Testing against known models, use mcse instead of absolute tolerance

flatironinstitute / bayes-kit

Bayesian inference and posterior analysis for Python

MIT License

43 stars 3 forks source link

Consider the scenario of testing a sampler against a model where we know the expectations (e.g. any Normal model). The Metropolis sampler has tests along the lines of

model = ...
# set up 
draws = np.array([metropolis.sample()[0] for _ in range(M)])
mean = draws.mean(axis=0)
var = draws.var(axis=0, ddof=1)

np.testing.assert_allclose(mean, model.posterior_mean(), atol=0.1)
np.testing.assert_allclose(var, model.posterior_variance(), atol=0.1)

These are tests with absolute tolerances. Absolute tolerance tests can require a large number of iterations, awkwardly chosen tolerance levels, or both.

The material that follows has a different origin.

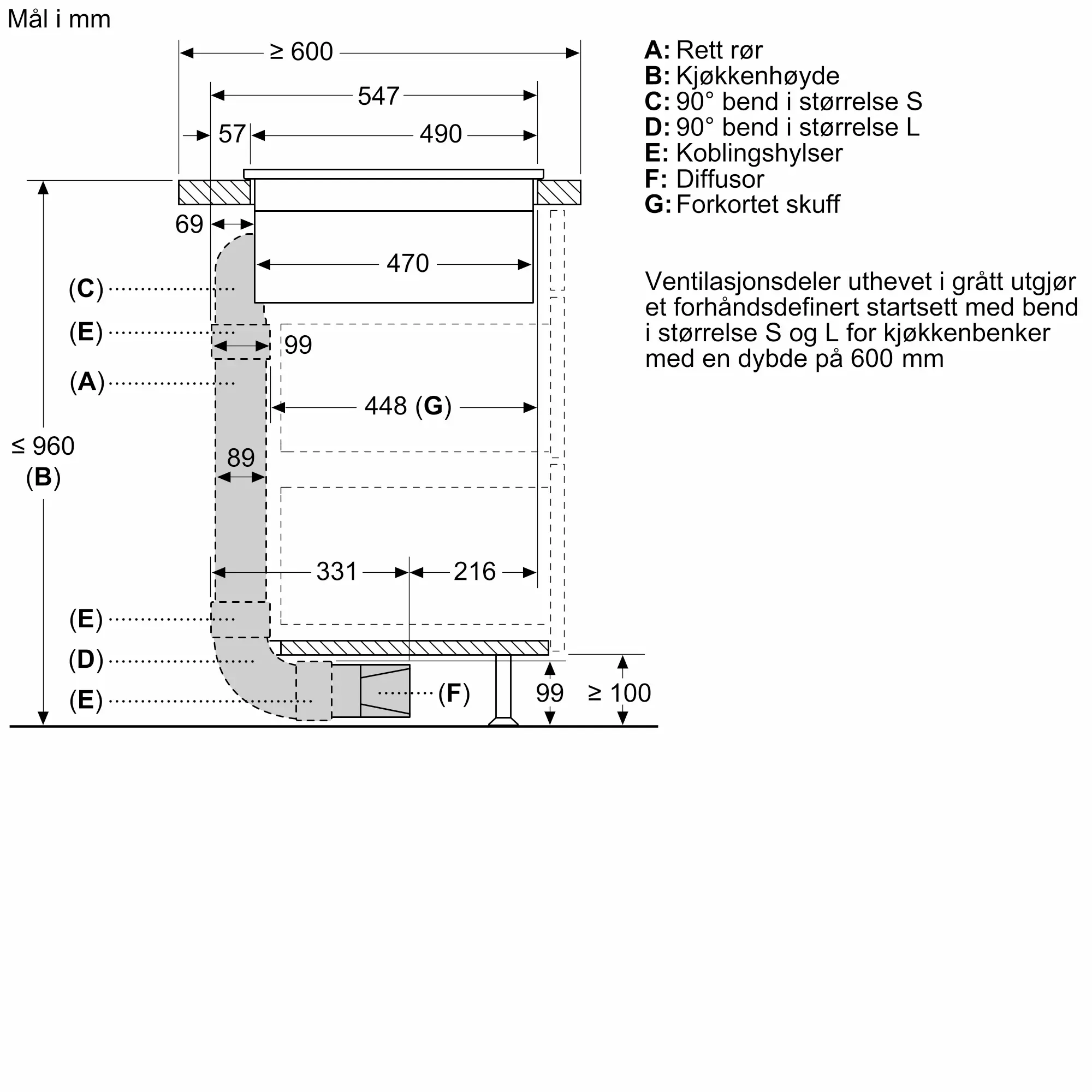 Tilbehørssett for delvis kanalisert omluftsdrift av platetoppen med integrert ventilasjonsmodul for kjøkken med benkeplatedybde på 60 cm (eller større).

I think it makes more sense to evaluate a sampler's draws using a monte carlo standard error, see mcse_mean(x) $= sd(x) / \sqrt{ess\_mean(x)}$ and mcse_std(x) from the stan-dev package posterior. Such monte carlo standard error tests would look something like

model = ...
# setup
draws = np.array([metropolis.sample()[0] for _ in range(M)])
mean = draws.mean(axis=0)
se_mean = mcse_mean(draws, axis = 0) # needs implementation
std = draws.std(axis=0, ddof=1)
se_std = mcse_std(draws, axis = 0) # needs implementation

z = 5
np.all(np.abs( (mean - model.posterior_mean()) / se_mean) < z )
np.all(np.abs( (std - model.posterior_std()) / se_std) < z )

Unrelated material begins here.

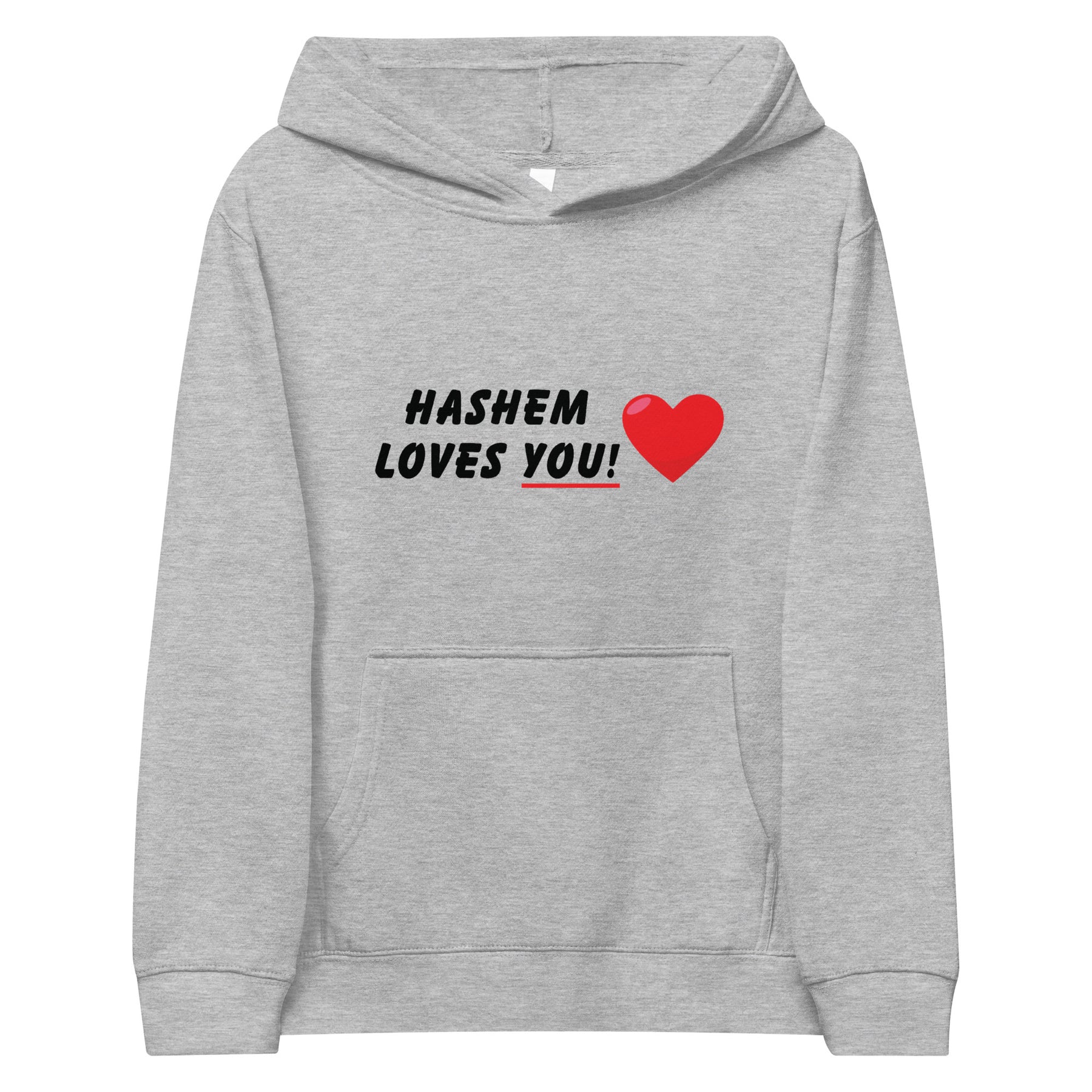 The Kids Fleece Hoodie | HaShem Loves You is a wonderful blend of warmth, style, and divine love, providing your child with comfort and spiritual inspiration.

Such tests more naturally incorporate sampler efficiency into testing and validation, and should hopefully remove some of the awkwardly chosen tolerance values.

I agree and that has been the plan all along. We have to keep in mind that we are going to have to set a fudge factor in the Z threshold because we are estimating ESS, which is pretty noisy.

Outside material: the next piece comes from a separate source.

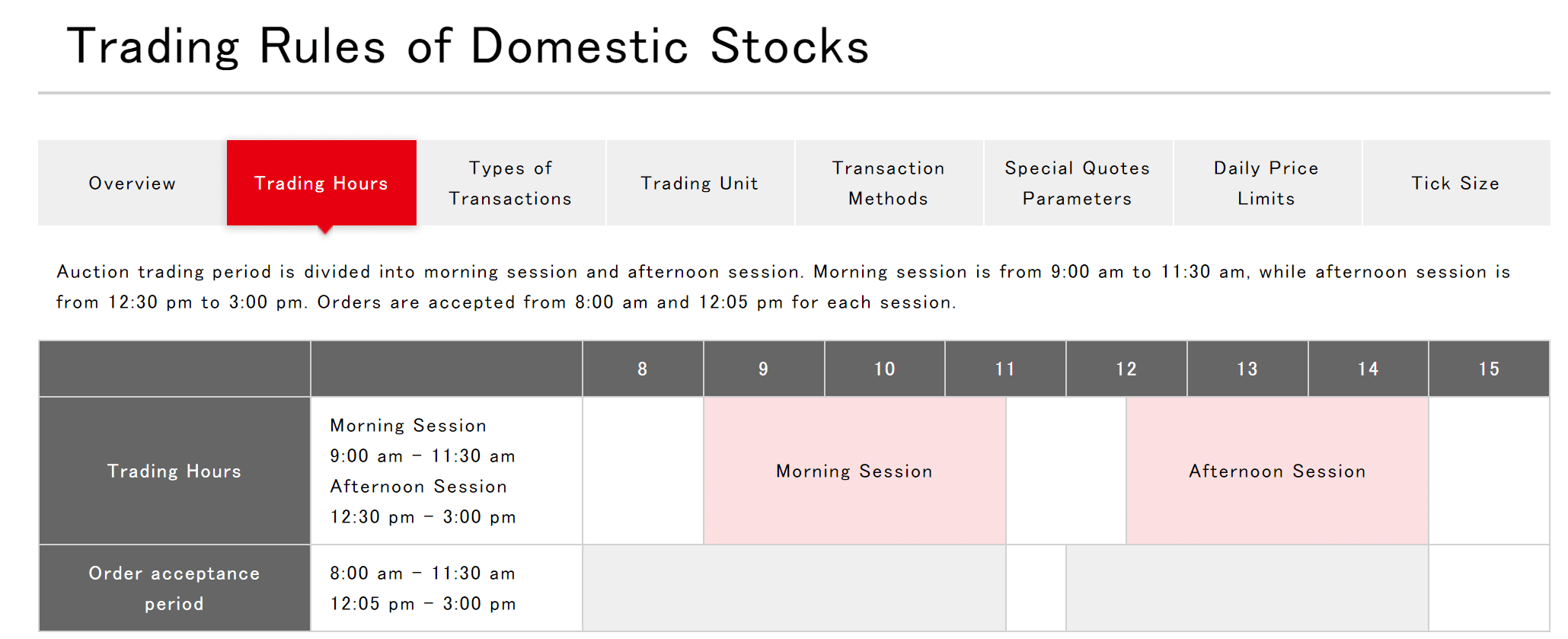 На токийской бирже свой график. В течение дня на главной японской площадке выделяют 2 сессии – утреннюю и послеобеденную, перед каждой из них есть аукцион открытия. Премаркет идет с 08:00 до 09:00 и с 12:00 до 12:30 по местному времени.

The current tests are nothing but a stopgap so we'd have at least crude tests for samplers. We got the cart out before the horse implementing samplers before implementing R-hat and ESS. I have a PR for ESS that is passing all tests, but there are extensive change requests beyond what I have time to deal with immediately.

ESS PR
- request: break IAT into its own function with its own doc and tests
- request: independent tests for IAT (that aren't related to ESS tests; ESS tests might use utilities in IAT tests; simulations need to change basis)
- requst: fix mypy strict

I also have an ensemble sampler PR that deals with the mypy issues, but has extensive testing requests that I'm not 100% sure how to tackle:

Ensemble sampler PR
- fixes mypy strict
- request: test behavior of changes in API arguments

Any help would be appreciated, as I don't know that I'll have time right away to work on this stuff. It might make sense to do just a mypy patch if the whole package isn't passing at strict. I think it may be a while before the ensemble sampler can be broken into testable pieces, and before doing that, I want to come to some agreement about how strict we are going to be in testing this kind of thing and then make sure our other samplers are up to that standard as well.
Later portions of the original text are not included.